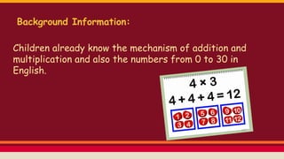 This document outlines a lesson plan for a 2nd grade class to practice counting in English. The lesson has three activities: 1) a bingo game to review numbers 0-30, 2) using hands to count in groups to reinforce addition, and 3) an online skip counting activity to practice multiplication. The lesson aims to develop math skills while using English vocabulary. It assesses if students can identify and say numbers in English, understand addition and multiplication, and answer questions using count nouns and numbers. The teacher reflects that students enjoyed bingo and counting on hands but ran short of time for the online activity.
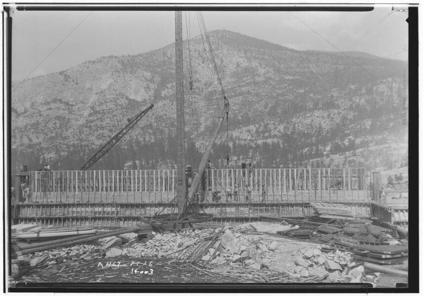 Big Creek, Florence Lake Dam - Looking upstream at end of Buttresses and arches under construction [in river section].
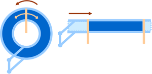 In this example, all these paths lead to the same rate of change of flux, and hence the same EMF. To provide some intuition about this path independence, in Figure 3 the Faraday disc is unwrapped onto a strip, making it resemble a sliding rectangle problem. In the sliding rectangle case, it becomes obvious that the pattern of current flow inside the rectangle is time-independent and therefore irrelevant to the rate of change of flux linking the circuit. There is no need to consider exactly how the current traverses the rectangle (or the disc). Any choice of path connecting the top and bottom of the rectangle (axle-to-brush in the disc) and moving with the rectangle (rotating with the disc) sweeps out the same rate-of-change of flux, and predicts the same EMF. For the disc, this rate-of-change of flux estimation is the same as that done above based upon rotation of the disc past a line joining the brush to the axle.
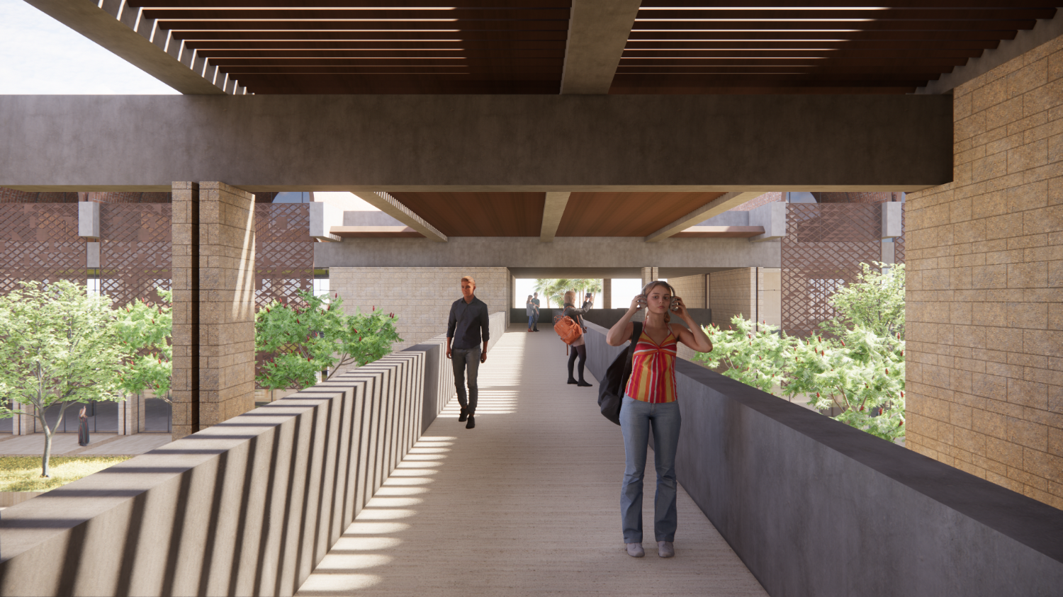 Finally, the campus features a bridge connecting two of the buildings, designed to offer shade and comfort to students as they move between them. The complex is complemented by flexible coworking spaces and outdoor areas where students can rest or work.
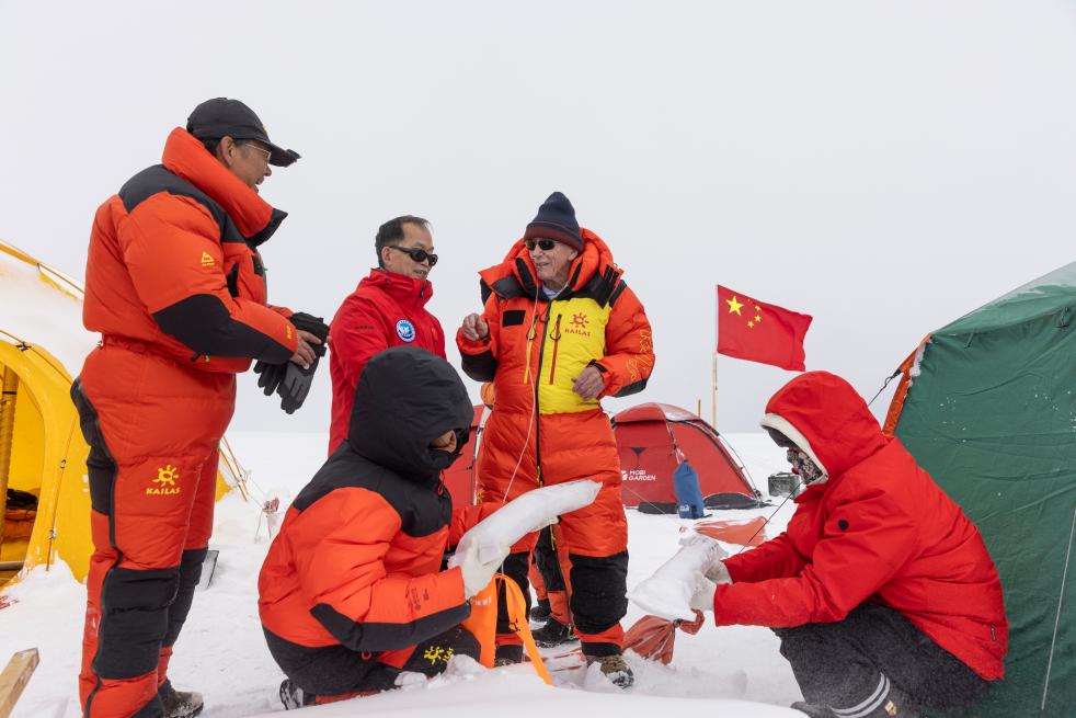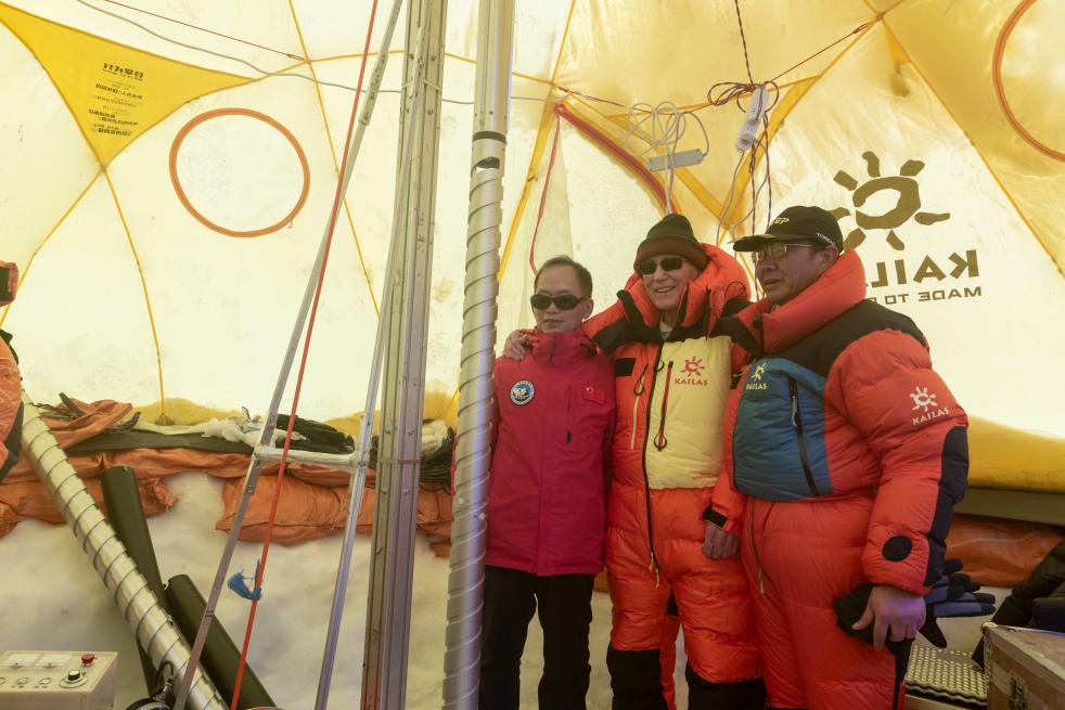 姚檀棟(左一)、湯普森(左二)在普若崗日冰原10號冰川冰穹C作業(yè)點工作帳篷內與冰芯鉆取工作負責人徐柏青研究員合影。新華社記者姜帆 攝
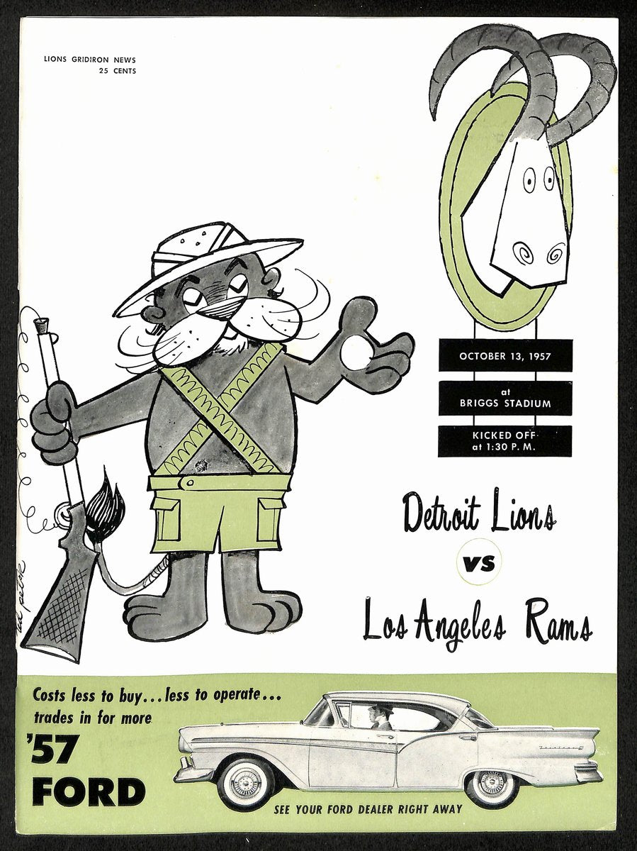 1957 Detroit Lions vs. Los Angeles Rams NFL Football Game Program 196122
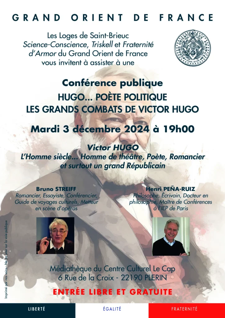 Conférence publique organisée par les Loges de Saint-Brieuc Science-Conscience, Triskell et Fraternité d’Armor du Grand Orient de France

■ WHAT IS EXPECTED:
Only the lines from the one containing "1957 Detroit Lions" through the last line of the entries belong in the answer, given again exactly. Images stay out.

■ ANSWER SECTION:
 1957 Detroit Lions vs. Los Angeles Rams NFL Football Game Program 196122
 Conférence publique organisée par les Loges de Saint-Brieuc Science-Conscience, Triskell et Fraternité d’Armor du Grand Orient de France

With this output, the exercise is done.